On Wed, 8 Dec 2004, boltu wrote:

> This is about Witten's paper on "Mirror Manifolds and Topological String
> Theory" , 9112056.

> What is the best way to visualise powers, both positive and negative, of
> the canonical line bundle? What are the meanings of "K^1/2" and "K^-1"?

Remember that for line bundles, dual and inverse are the same
thing.
For one dimensional complex curves, K = T^*X. So K^{-1} = TX.
And K^{-1/2} is a square root of the tangent bundle, one of the
conventional spinor bundles, so K^{1/2} is the dual of

> What is the relation between twisting the fermions and rotational symmetry
> on the world sheet?

Twisting the fermions corresponds to declaring a subgroup of SO(2)
x U(1)_L x U(1)_R other than SO(2) to be the rotational symmetry group.
The twistings correspond to using, instead of J,

J - 1/2 (J_L - J_R) (A-model)
J - 1/2 (J_L + J_R) (B-model)

> Why are the twisting the only ones we could do? If we took the fermons to
> be sections of other powers of the canonical line bundle on sigma (of
> course tensored with the pullback of the tangent bundle on X) what would
> be the effect on the world sheet? Would the sigma-model lagrangian remain
> invariant?

The point of doing this is that we want to treat Q as a BRST
operator, on any curve Sigma. Q has to act globally, so we need the
fermionic parameters of the Lie algebra to be well-defined sections of
some line bundles. This is easy locally, in some small neighborhood.
But it's difficult globally: many line bundles don't have _any_ global
sections. So we twist and put our fermionic parameters in the functions,
where there is always at least the constant sections.

It's a lovely coincidence that this forces us to choose the A or B
twistings. Any twisting would be a symmetry fo the classical Lagrangian.
But only the A and B twistings don't become anomalous when we move to the
quantum theory.

> Does twisting the fermions change the spins of the G+- in the
> superconformal algebra? What exactly is the relation between changing
> the relevant bundles of the fermions and the effect on the
> superconformal algebra- for example the shift in the energy-momentum
> tensor?

Yes, twisting changes the spins.

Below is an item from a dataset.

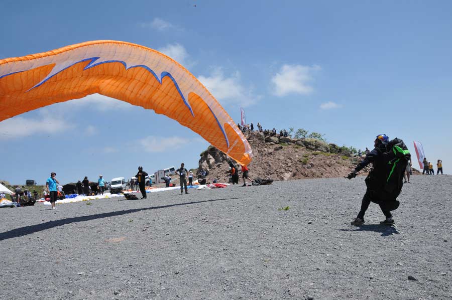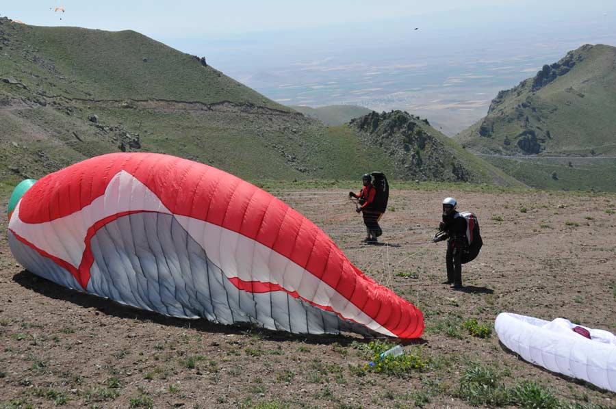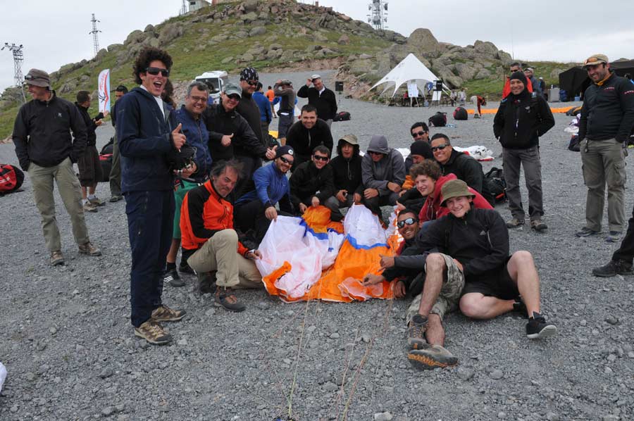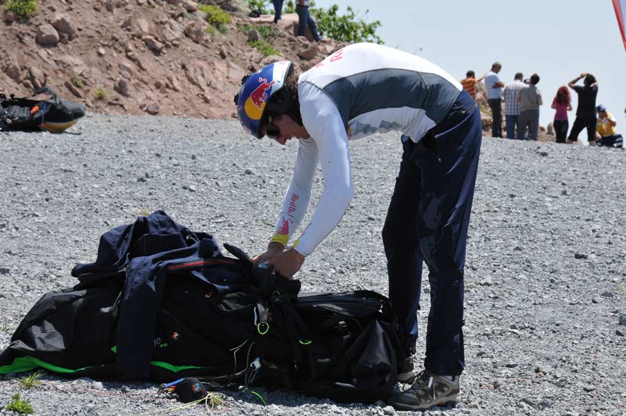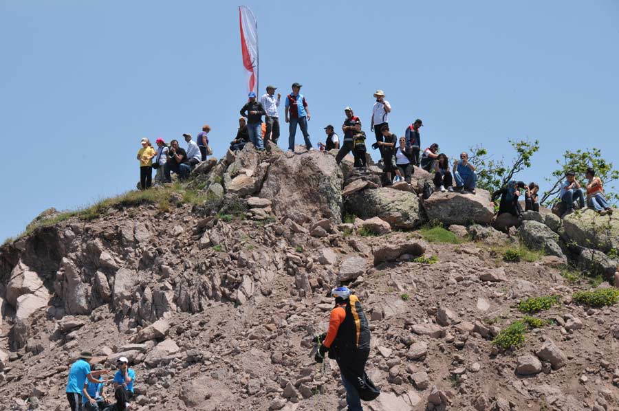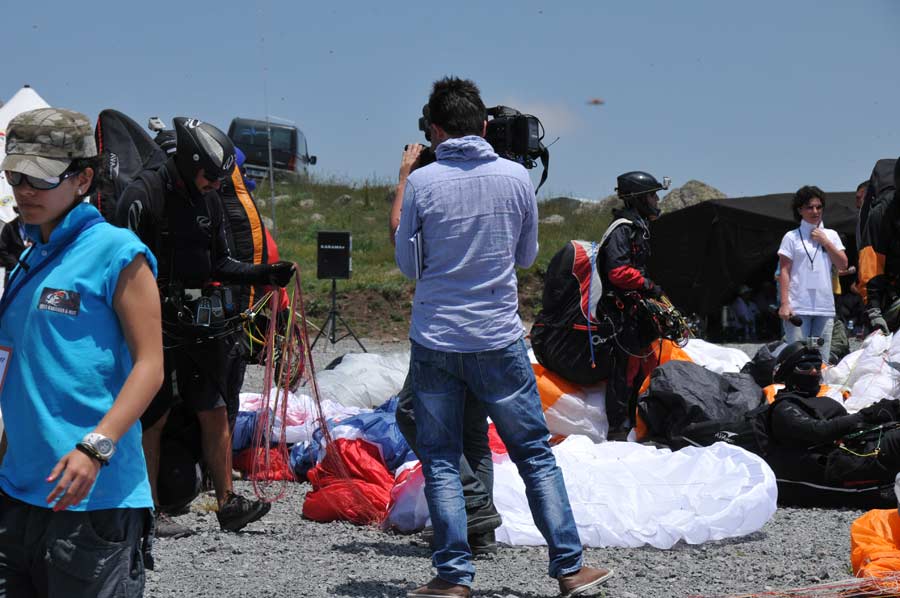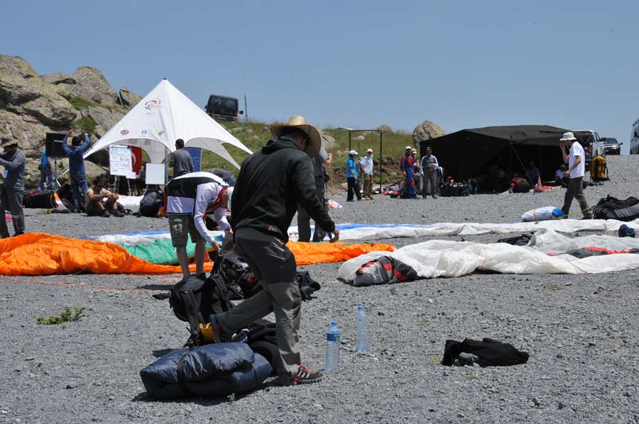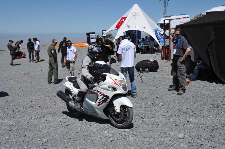Am nächsten Morgen zum Frühstück waren dann etliche Gäste neben den Piloten und dem technischen Team im Hotel anwesend. Aufgrund der großvolumigen Motorräder aus Deutschland, die nun vor dem Hotel parkten, war auch ein interessierter türkischer Motorradfahrer zum Frühstück gekommen und mit Cevdet in tiefe Gespräche verwickelt. Pünktlich um 9.00 Uhr fuhren wir dann mit unseren Fahrzeugen Richtung Karadag. In Begleitung unserer Motorradgruppe erregten wir schon auf dem Weg durch die Stadt viel Aufmerksamkeit. Am Startplatz angekommen wurden schnell die Technik zur Funküberwachung, zur Pilotenerfassung sowie alle weiteren zum Start notwendigen Einrichtungen hergestellt. Kurze Zeit darauf kam dann der Gouverneur von Karaman im Dienstfahrzeug mit großem Gefolge zum Startplatz. Nach kurzen Einführungen und Erläuterungen durch die Veranstalter, zu dem sich zwischenzeitig auch die Toppiloten Pal Takats und Patrik Andre gesellten, wurden durch eine einführende Rede der Wettkampf offiziell eröffnet. Da es zunächst noch ungünstige Windbedingungen am Südstartplatz gab, wechselten wir zum Nordstartplatz über und nach und nach starteten die Piloten in den ersten Wettkampftag. Gegen Abend wurde Pal Takats mit einer Weite von 116 Kilometern als Tagessieger festgestellt.

The spins are encoded in the
eigenvalues h and \bar{h} of the grading operators L_0 and \bar{L}_0.
spin = h - \bar{h}. So twisting alters the line bundles by changing how
their fibers transform under rotations; this means that the spins of
fields which arise as sections of these line bundles are altered.
Changing the spins really means changing how we measure them, so we must
alter the components L and \Lbar of the energy momentum tensor.

Hope that helped.

--A.J.

[calabisix]

Beginner:

I have been studying this paper to get a better understanding of
TQFT's.
I proceed fine until I get to the definition of the fermi field.
what is the significance of defining fermi fields as the product of
K^1/2 and the pullback of the tangent bundle?

Is this a standard Differential Geometry concept?

I have browsed the papers of Aspinwall and Morrison (TFT and Rational
Curves) as well as the papers of Witten (TQFT and Sigma models)...even
his earlier paper on the Susy sigma model. I have yet to find an
intuitive explanation of "why" one creates the product above to proceed
with the theory.

This may be a standard Differential Geometry concept that I just
haven't crossed yet (hence the "Beginner" heading of my post).

Thank you,

calabisix

[A.J. Tolland]

On Fri, 28 Jan 2005, calabisix wrote:

> I proceed fine until I get to the definition of the fermi field.
> what is the significance of defining fermi fields as the product of
> K^1/2 and the pullback of the tangent bundle?

It's commonly used. The idea is that we want worldsheet fermions
which take values in vector fields on the target space. But you can't
multiply bundles on different spaces (for roughly the same reason that you
can't add vectors which live in different fibers) , so you pull the
tangent bundle back to the worldsheet, using the only map available.

That help?

--A.J.